Comunicadas con el Atrato se encuentran las ciénagas de Tumaradó, que son tres y están conectadas entre sí. En ellas el silencio y la solemnidad son todavía mayores. Navegando el Atrato nuestra lancha se cruzó varias veces con barcos madereros y no fue nada agradable verlos. Su actividad es ilegal y deforestan inmisericordemente la selva. Nos habían dicho que no debíamos hacerles fotos porque es peligroso. Ellos creen que las fotos están encaminadas a judicializarlos. En cambio, en las ciénagas la soledad es total. Nos topamos, y fue bello verlas, con canoas de pescadores solitarios entregados a su tarea. Nos cruzamos saludos amablemente.
De salida del Parque los funcionarios nos llevaron a Unguía, pueblo del que tengo imborrables recuerdos. Salimos al Atrato, lo bajamos hasta salir al Golfo de Urabá y buscamos hacia el occidente el canal artificial que se ha cavado para desembotellar la región y comunicar por agua a Unguía con el Golfo y por ende con Turbo. Unguía, municipio chocoano de población negra en casi su totalidad, fue noticia triste en el mes de marzo de este año; el pueblo se amotinó porque llevaba varios días a oscuras y en los desórdenes quemaron la Alcaldía y la empresa de servicios públicos.

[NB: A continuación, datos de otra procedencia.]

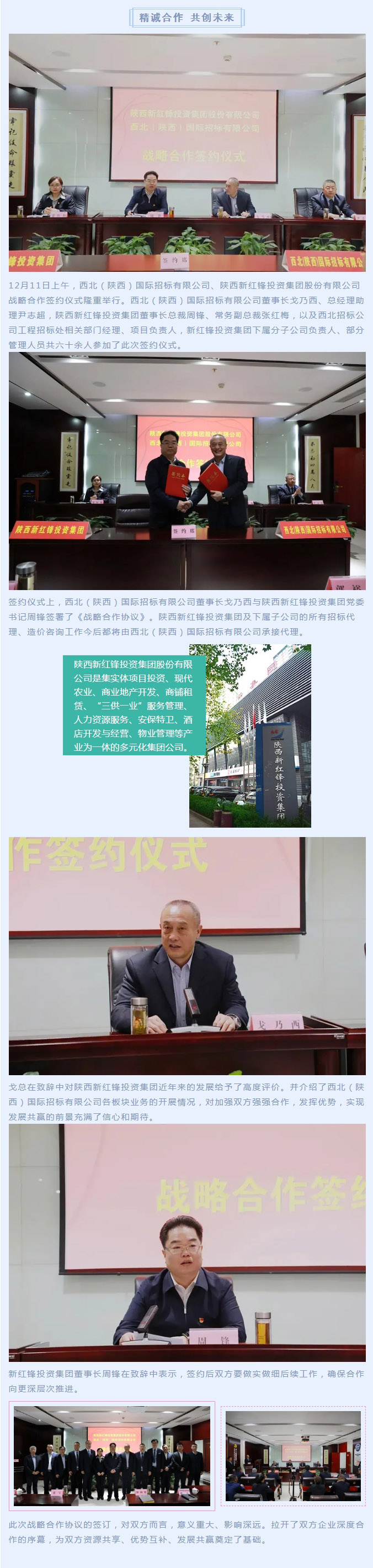 精誠(chéng)合作 共創(chuàng)未來(lái)——西北(陜西)國(guó)際招標(biāo)有限公司與陜西新紅鋒投資集團(tuán)股份有限公司戰(zhàn)略合作簽約儀式隆重舉行
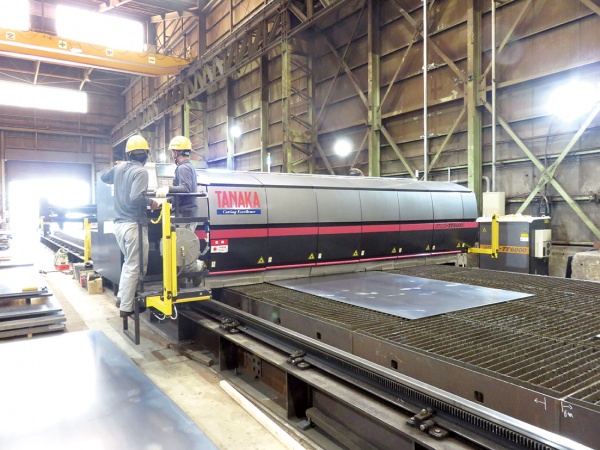 阪和興業系の鋼板総合加工会社のダイコースチール(本社=大阪市住之江区、唐川吾郎社長)は先月下旬、本社工場にファイバータイプのレーザー加工機1基を初導入し、5月から本格稼働させた。導入設備は日酸TANAKA製の「FMR2 35L―TF6000」で、投下金額は1億円強。今回の設備導入により、同社のレーザー加工機は既存のCO2タイプと合わせて6基体制となった。レーザー加工機が現状フル稼働となっており、これを解消させ、今後のレーザー加工増への対応強化と、さらに小径の穴開け加工の高速化・高精度化を図るのが狙い。レーザー加工量については今後、現状比10―20%増の月間1000トン以上に引き上げていきたい考え。
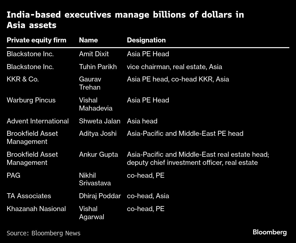 Global asset managers from KKR & Co. to Blackstone Inc. are ramping up investments in India and elevating locally-based executives to key regional roles, underscoring the nation's rise in Asia's private equity landscape.
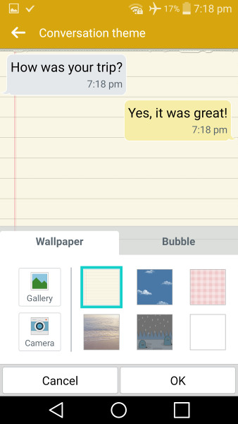 Также LG позволяет настроить внешний вид приложения обмена сообщениями путем изменения фона.
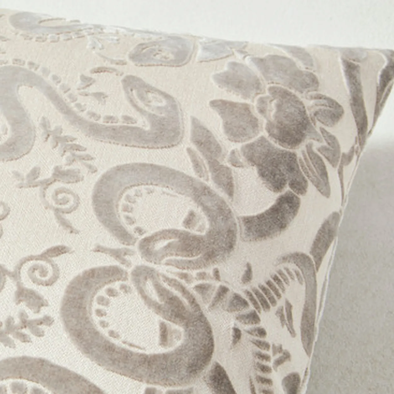 An intriguing snake-and-flower design pops on this cut-velvet pillow, making it a stunning accent for any sofa, bed, or chair. Insert included.
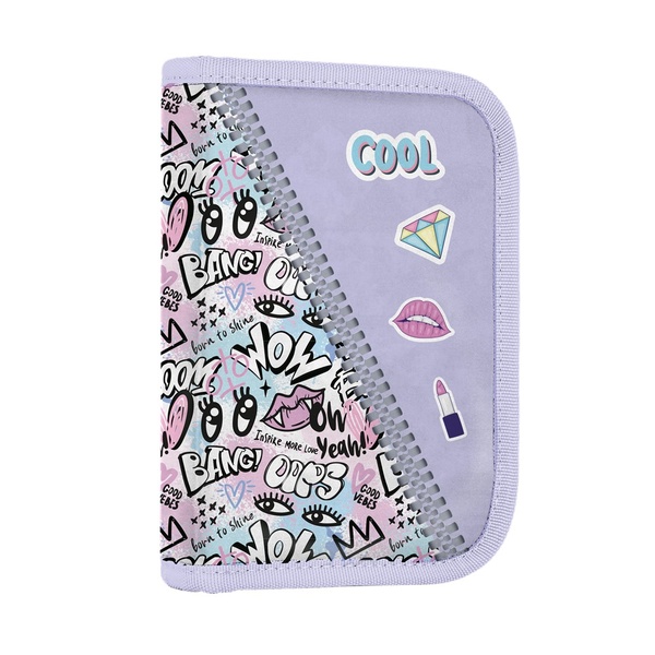 • Piórnik jednopoziomowy z dwiema klapkami – bez wypełnienia, z gumowymi szlufkami i przezroczystą folią na plan zajęć.
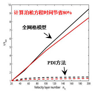 图2.1.3 PDI方法计算效率对比图 成功复演了珊瑚礁海岸波浪破碎紊动涡流场的时空变化过程,发现礁冠的存在会增强破波能量耗散率达4.5倍。模拟计算捕捉到长江口北槽下段涨急与涨憩之间存在的Kelvin-Helmoltz涡,发现Kelvin-Helmoltz涡会增强垂向紊动并加速盐淡水混合。
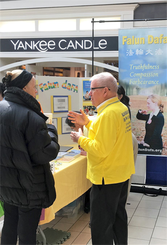 一位女士表示很想学功,学员向她介绍可以在网上下载教功录像、炼功音乐及大法书籍。还告诉她在附近的城市瑞得丁(Reading)镇即将举办免费讲座,介绍法轮大法并现场教功,欢迎参加。她听了后高兴的说,回去要和另一个朋友分享这个消息,让她也有机会学炼法轮功。
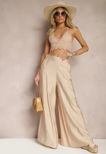 Beżowe Szerokie Spodnie Casualowe z Gumką w Pasie Indala
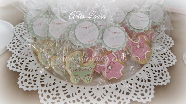 Para este bautizo le preparamos las galletas que se dieron de recordatorios, los sobres en los que se daba la foto para el recordatorio, todo tipo de repostería, carteleria y adornos.
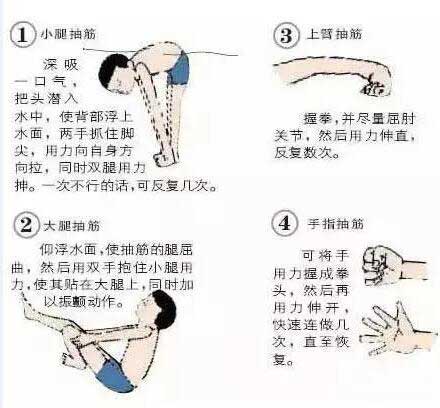 2、若是小腿或腳趾抽筋,先吸一口氣仰浮水上,用抽筋肢體對側的手握住抽筋肢體的腳趾,并用力向身體方向拉,同時用同側的手掌壓在抽筋肢體的膝蓋上,幫助抽筋腿伸直;
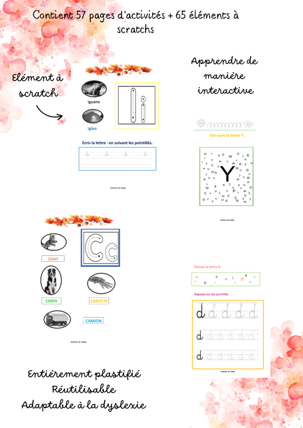 Aidez votre enfant à découvrir les lettres avec plaisir grâce à notre livret interactif, 100 % plastifié et conçu pour durer.
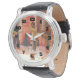 Um relógio com uma expressiva pintura artística de três músicos boêmicos que tocam música em seus instrumentos, que incluem um mandolim, uma flauta e um violão. Tonalidades ricas de amarelo, laranja e marrom criam uma qualidade mágica de verão quente em um estilo de pintura impressionista mostrando esses reles encantadores.
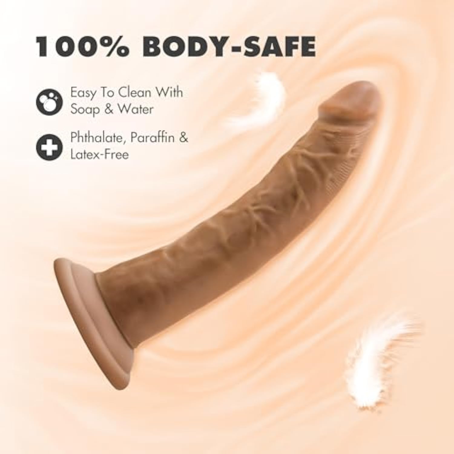 Blush Dr. Skin 7.5” Realistic Slim Shaft Dildo, 1.5” Wide Soft Lifelike Cock - Suction Cup, Strap-On Solo Or Partner, Body-Safe Anal & Pegging Play - Adult Sex Toy For Women, Men & Couples - (Mocha)
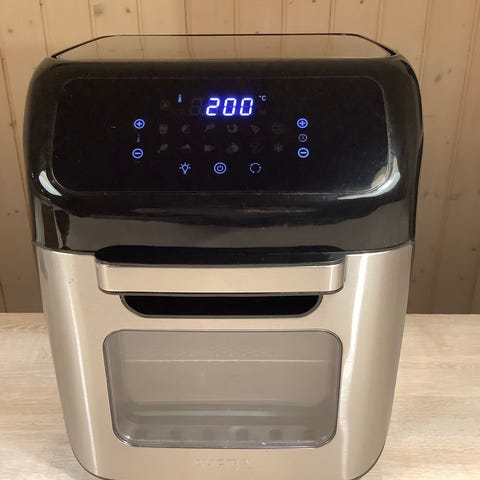Dejlig lille smart Air fryer ovn med alt udstyr til, plader, flere riste, drejekurv og Rotisseri til stege og kylling. B: 35cm D: 37cm H: 35cm - udvendig mål. I virkelig pæn stand.
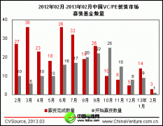 受春節(jié)假期影響,2013年2月份中國VC/PE市場活躍度出現(xiàn)明顯下滑。募資方面,僅3支基金募資完成,募資金額僅為10億元;投資方面,披露VC、PE投資案例共計17起,相比上個月下降50%;如不考慮京東商城7億美元巨額融資案例,投資規(guī)模也同樣大幅下滑。考慮到目前宏觀經(jīng)濟回暖緩慢、A股及美股市場IPO窗口持續(xù)關...
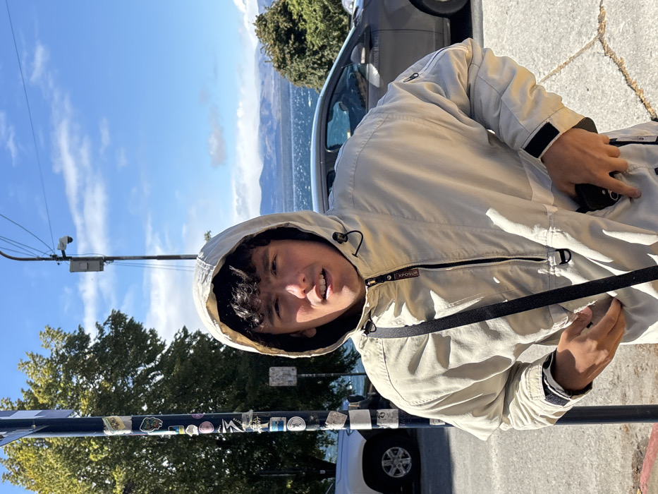 A young man in a hooded khaki jacket stands beside a pole adorned with stickers. He looks at the camera with a slight smile. A body of water, likely a lake, is visible in the background, framed by mountains and a clear blue sky with scattered clouds. Cars are parked nearby. Overhead power lines and a security camera are visible atop a pole.
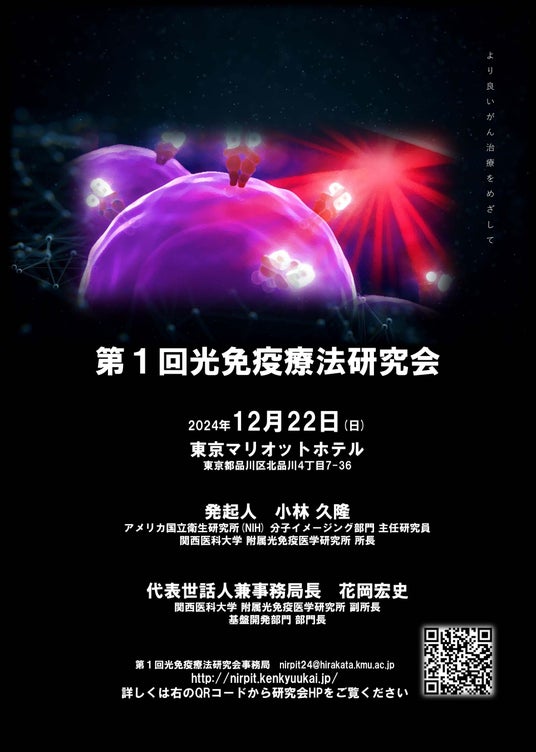 2024年12月22日(日)、東京マリオットホテル(品川区)にて、新しいがん治療である光免疫療法の最前線を紹介する「第1回光免疫療法研究会」が開催されます。この研究会では、光免疫療法に関する最新の研究・開発や臨床の治療成果などが発表され、がん光免疫療法に興味のある研究者や診療に携わる医師が一堂に会して情報交換致します。また、忖度をできるだけ排除して自由闊達な議論を行える純粋なアカデミックの会とするために、企業の協賛なしで行います。
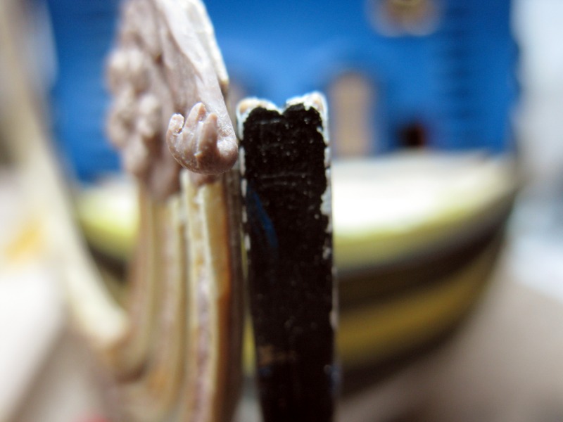 , aber erst mal diese Seite fertigmachen. Und bevor ich überhaupt ans Weitermachen denken konnte, musste erst mal die Befestigungsfrage geklärt werden. Ich wollte die Regeln so anbringen, dass ich sie, zumindest vorerst, wieder abnehmen konnte, da ich ja noch einiges an der Galion zu machen hab. So lässt sich einfach leichter dran arbeiten. Dazu hab ich mir folgendes ausgedacht:
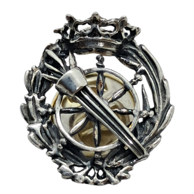 Insignia profesional Derecho de plata de ley de 925 mls con unas medidas aproximadas de 18 mm.
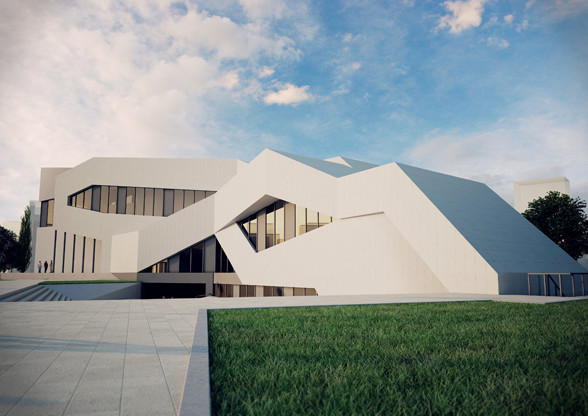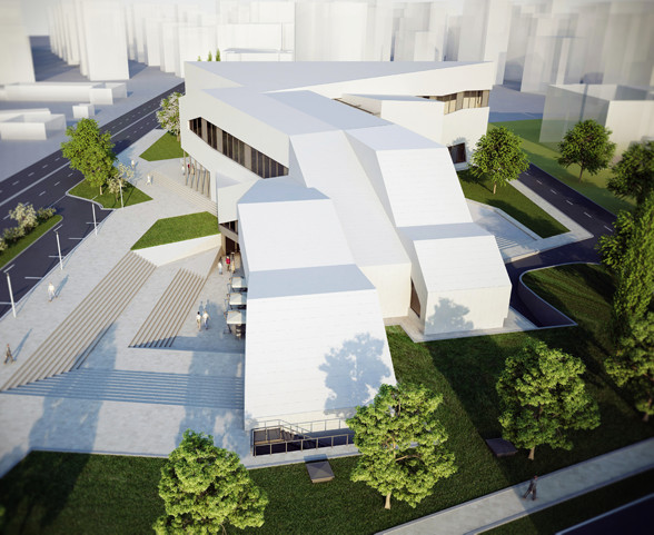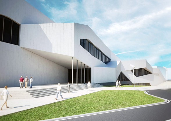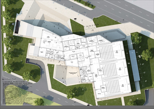 The project is located in Focsani, Romania. It consists of a multipurpose building with amenities ranging from libraries, restaurants, cinemas, and conference rooms.

¿Y cuáles son mis recuerdos imborrables? Corría el año 1965 (así iniciaban sus crónicas los historiadores de otros tiempos) y fui por primera vez a Unguía. Llevaba encargos de un amigo de Manizales y de Villamaría para doña Margoth Calle de Murientes, matrona del pueblo, que me alojó en su inmensa casa. Era la época de los raicilleros y subsistían rezagos del esclavismo. Recoger raicilla era una forma de ganarse la vida. Los negros iban al monte y recolectaban raíces de ipecacuana y en el pueblo se las compraban para mandarlas a Alemania donde fabricaban medicinas con ellas. Era un buen negocio que ya ha desaparecido y del que hoy los jóvenes del pueblo no tienen siquiera noticia. Yo conocí muchos raicilleros que venían a la casa de la señora Margoth y recuerdo esa época con cierta nostalgia. Había algo bello en ese trabajo. Conocí colonos paisas que vivían entre el pueblo y la selva, hombres que contaban hermosas historias de una vida en “lucha contra la naturaleza”. Sí, eran historias de colonizadores y por lo mismo de destructores de la naturaleza. Pero, con todo, eran buena gente. Sus historias con tigres, serpientes, aguaceros, mulas desbocadas, me recordaban las que mi padre nos contaba de su vida de juventud, cuando fue arriero, a mucha honra, carajo.
Doña Margoth me facilitó el acceso a los indígenas cunas, -yo digo indios-, realmente llamados tules. Los indios venían constantemente al pueblo desde su asentamiento llamado Arquía, situado a una hora de camino a pie entre sabanas y manchas de monte. Hoy el pueblo de Unguía está muy cambiado, como es natural. En una cafetería conversé con una india cuna, que estaba bellamente ataviada con las tradicionales y vistosas molas y parumas. Le dije que en aquel primer viaje fui huésped del jefe Josesito y ella emocionada me dijo que era hija de él y que ya había muerto y quedamos de vernos en Arquía. Yo también me emocioné por doble motivo, por ser ella hija de mi amigo y porque nos ayudaría a entrar en contacto con los indios, que por naturaleza son recelosos.
Contratamos motocicletas que en quince minutos nos llevaron a Arquía. Llegamos bajo un fenomenal aguacero y nos refugiamos en la casa de gobierno, amplísima sala techada con paja.